== Task instructions ==
Exact reproduction of every record is required, and pictures are to be excluded.

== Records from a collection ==
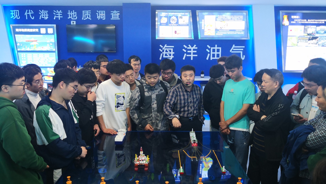经前期沟通协调,地球物理系教师代表带领勘查技术与工程(物探)和地球物理学两专业2022级员工于4月18日赴青岛海洋地质研究所海洋地质科技馆参观学习,受到了海地所的热情接待,科技处副处长齐君亲自为师生讲解。
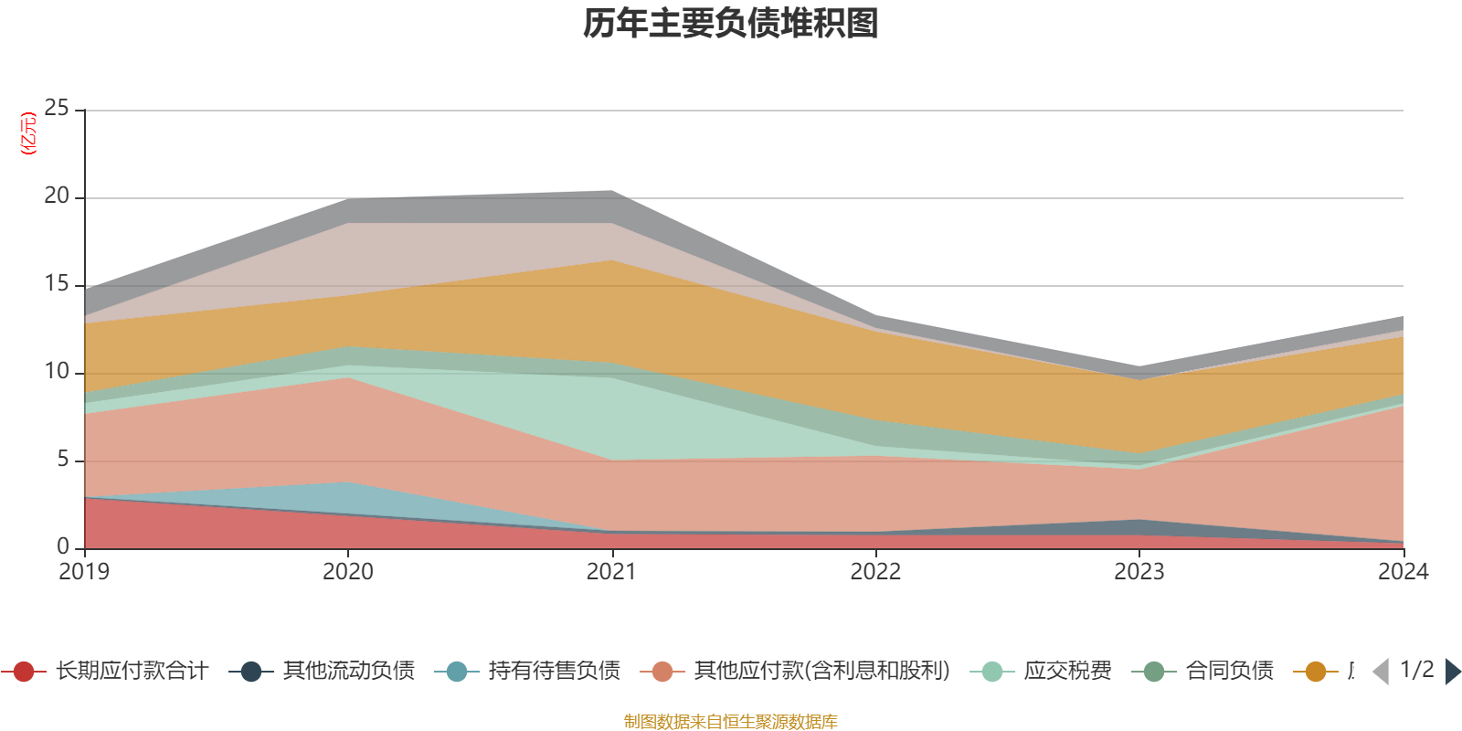 负债重大变化方面,截至2024年末,公司其他应付款(含利息和股利)较上年末增加170.45%,占公司总资产比重上升10.88个百分点;其他流动负债较上年末减少87.21%,占公司总资产比重下降1.21个百分点;短期借款较上年末增加38866.48%,占公司总资产比重上升0.76个百分点;长期应付款合计较上年末减少62.91%,占公司总资产比重下降0.65个百分点。
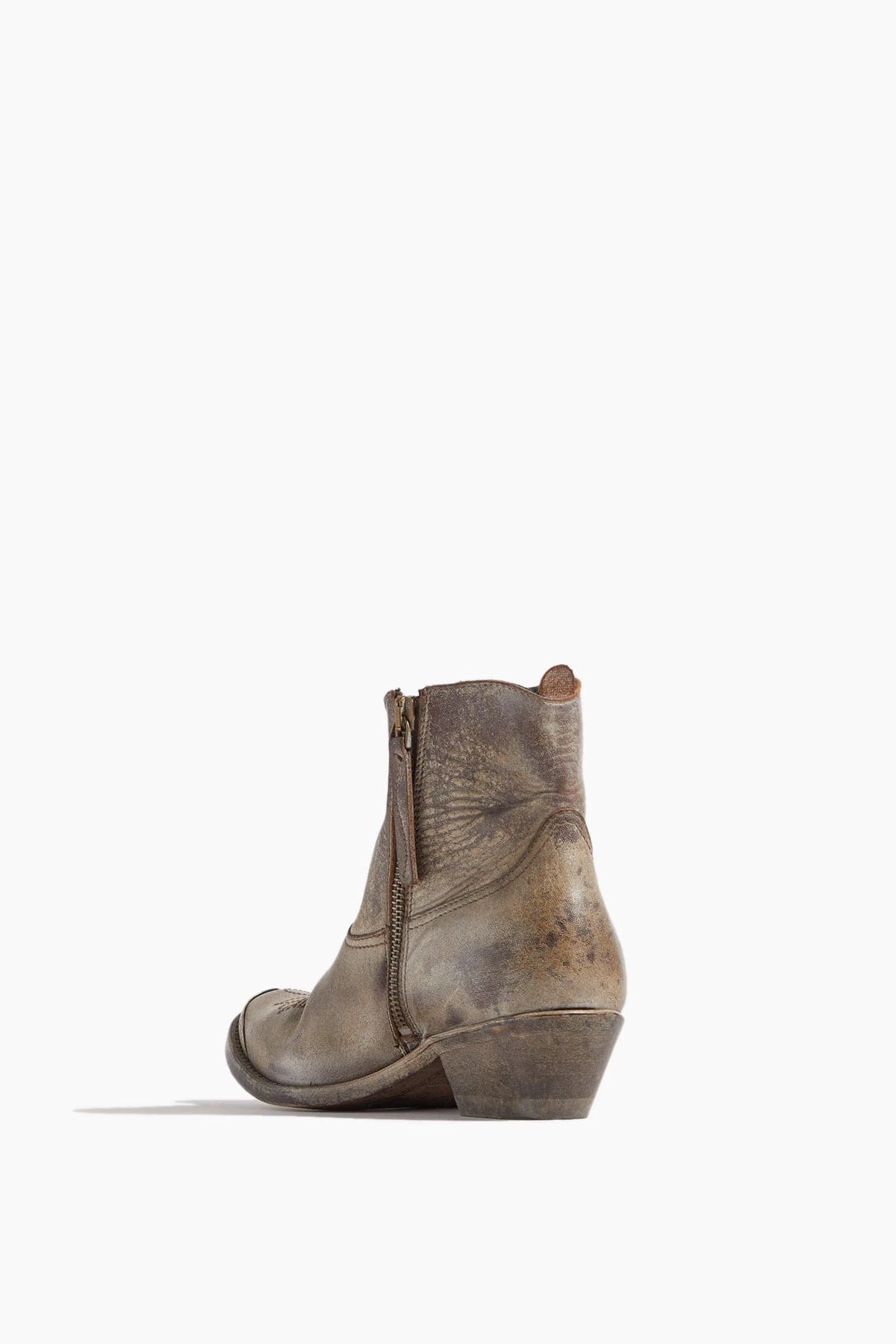 Your favorite western inspired boots are back. The Golden Goose Young Boot in Brown have a pointed toe and block heel with distressed leather.
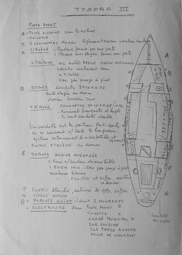 Dessin du plan de pont et descriptif des aménagements et des équipements, vers 1965 (collection particulière)Immatriculation
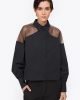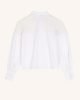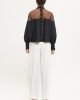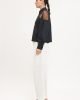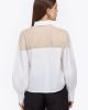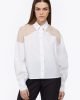 Ένα ιδιαίτερο πουκάμισο που συνδυάζει άνεση και κομψότητα. Αναπάντεχος συνδυασμός διαφάνειας στο επάνω μέρος και βαμβακερού υφάσματος στο κύριο σώμα. Διαθέτει μπροστινό κλείσιμο με κουμπιά και μακριά μανίκια με φαρδιές μανσέτες, που προσθέτουν μια κομψή πινελιά, καθιστώντας το μια μοναδική προσθήκη στη γκαρνταρόμπα σας. Διατίθεται σε λευκό και μαύρο. Το μοντέλο φοράει μέγεθος S.
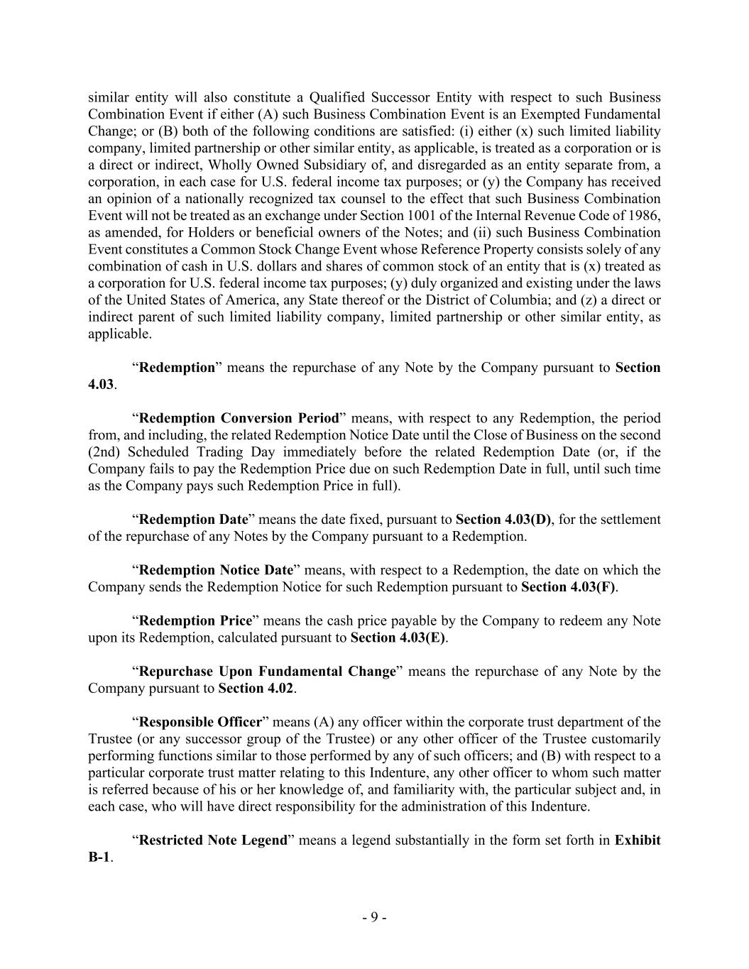 - 9 - similar entity will also constitute a Qualified Successor Entity with respect to such Business Combination Event if either (A) such Business Combination Event is an Exempted Fundamental Change; or (B) both of the following conditions are satisfied: (i) either (x) such limited liability company, limited partnership or other similar entity, as applicable, is treated as a corporation or is a direct or indirect, Wholly Owned Subsidiary of, and disregarded as an entity separate from, a corporation, in each case for U.S. federal income tax purposes; or (y) the Company has received an opinion of a nationally recognized tax counsel to the effect that such Business Combination Event will not be treated as an exchange under Section 1001 of the Internal Revenue Code of 1986, as amended, for Holders or beneficial owners of the Notes; and (ii) such Business Combination Event constitutes a Common Stock Change Event whose Reference Property consists solely of any combination of cash in U.S. dollars and shares of common stock of an entity that is (x) treated as a corporation for U.S. federal income tax purposes; (y) duly organized and existing under the laws of the United States of America, any State thereof or the District of Columbia; and (z) a direct or indirect parent of such limited liability company, limited partnership or other similar entity, as applicable. “Redemption” means the repurchase of any Note by the Company pursuant to Section 4.03. “Redemption Conversion Period” means, with respect to any Redemption, the period from, and including, the related Redemption Notice Date until the Close of Business on the second (2nd) Scheduled Trading Day immediately before the related Redemption Date (or, if the Company fails to pay the Redemption Price due on such Redemption Date in full, until such time as the Company pays such Redemption Price in full). “Redemption Date” means the date fixed, pursuant to Section 4.03(D), for the settlement of the repurchase of any Notes by the Company pursuant to a Redemption. “Redemption Notice Date” means, with respect to a Redemption, the date on which the Company sends the Redemption Notice for such Redemption pursuant to Section 4.03(F). “Redemption Price” means the cash price payable by the Company to redeem any Note upon its Redemption, calculated pursuant to Section 4.03(E). “Repurchase Upon Fundamental Change” means the repurchase of any Note by the Company pursuant to Section 4.02. “Responsible Officer” means (A) any officer within the corporate trust department of the Trustee (or any successor group of the Trustee) or any other officer of the Trustee customarily performing functions similar to those performed by any of such officers; and (B) with respect to a particular corporate trust matter relating to this Indenture, any other officer to whom such matter is referred because of his or her knowledge of, and familiarity with, the particular subject and, in each case, who will have direct responsibility for the administration of this Indenture. “Restricted Note Legend” means a legend substantially in the form set forth in Exhibit B-1.

== Exercise output ==
经前期沟通协调,地球物理系教师代表带领勘查技术与工程(物探)和地球物理学两专业2022级员工于4月18日赴青岛海洋地质研究所海洋地质科技馆参观学习,受到了海地所的热情接待,科技处副处长齐君亲自为师生讲解。
 负债重大变化方面,截至2024年末,公司其他应付款(含利息和股利)较上年末增加170.45%,占公司总资产比重上升10.88个百分点;其他流动负债较上年末减少87.21%,占公司总资产比重下降1.21个百分点;短期借款较上年末增加38866.48%,占公司总资产比重上升0.76个百分点;长期应付款合计较上年末减少62.91%,占公司总资产比重下降0.65个百分点。
 Your favorite western inspired boots are back. The Golden Goose Young Boot in Brown have a pointed toe and block heel with distressed leather.
 Dessin du plan de pont et descriptif des aménagements et des équipements, vers 1965 (collection particulière)Immatriculation
 Ένα ιδιαίτερο πουκάμισο που συνδυάζει άνεση και κομψότητα. Αναπάντεχος συνδυασμός διαφάνειας στο επάνω μέρος και βαμβακερού υφάσματος στο κύριο σώμα. Διαθέτει μπροστινό κλείσιμο με κουμπιά και μακριά μανίκια με φαρδιές μανσέτες, που προσθέτουν μια κομψή πινελιά, καθιστώντας το μια μοναδική προσθήκη στη γκαρνταρόμπα σας. Διατίθεται σε λευκό και μαύρο. Το μοντέλο φοράει μέγεθος S.
 - 9 - similar entity will also constitute a Qualified Successor Entity with respect to such Business Combination Event if either (A) such Business Combination Event is an Exempted Fundamental Change; or (B) both of the following conditions are satisfied: (i) either (x) such limited liability company, limited partnership or other similar entity, as applicable, is treated as a corporation or is a direct or indirect, Wholly Owned Subsidiary of, and disregarded as an entity separate from, a corporation, in each case for U.S. federal income tax purposes; or (y) the Company has received an opinion of a nationally recognized tax counsel to the effect that such Business Combination Event will not be treated as an exchange under Section 1001 of the Internal Revenue Code of 1986, as amended, for Holders or beneficial owners of the Notes; and (ii) such Business Combination Event constitutes a Common Stock Change Event whose Reference Property consists solely of any combination of cash in U.S. dollars and shares of common stock of an entity that is (x) treated as a corporation for U.S. federal income tax purposes; (y) duly organized and existing under the laws of the United States of America, any State thereof or the District of Columbia; and (z) a direct or indirect parent of such limited liability company, limited partnership or other similar entity, as applicable. “Redemption” means the repurchase of any Note by the Company pursuant to Section 4.03. “Redemption Conversion Period” means, with respect to any Redemption, the period from, and including, the related Redemption Notice Date until the Close of Business on the second (2nd) Scheduled Trading Day immediately before the related Redemption Date (or, if the Company fails to pay the Redemption Price due on such Redemption Date in full, until such time as the Company pays such Redemption Price in full). “Redemption Date” means the date fixed, pursuant to Section 4.03(D), for the settlement of the repurchase of any Notes by the Company pursuant to a Redemption. “Redemption Notice Date” means, with respect to a Redemption, the date on which the Company sends the Redemption Notice for such Redemption pursuant to Section 4.03(F). “Redemption Price” means the cash price payable by the Company to redeem any Note upon its Redemption, calculated pursuant to Section 4.03(E). “Repurchase Upon Fundamental Change” means the repurchase of any Note by the Company pursuant to Section 4.02. “Responsible Officer” means (A) any officer within the corporate trust department of the Trustee (or any successor group of the Trustee) or any other officer of the Trustee customarily performing functions similar to those performed by any of such officers; and (B) with respect to a particular corporate trust matter relating to this Indenture, any other officer to whom such matter is referred because of his or her knowledge of, and familiarity with, the particular subject and, in each case, who will have direct responsibility for the administration of this Indenture. “Restricted Note Legend” means a legend substantially in the form set forth in Exhibit B-1.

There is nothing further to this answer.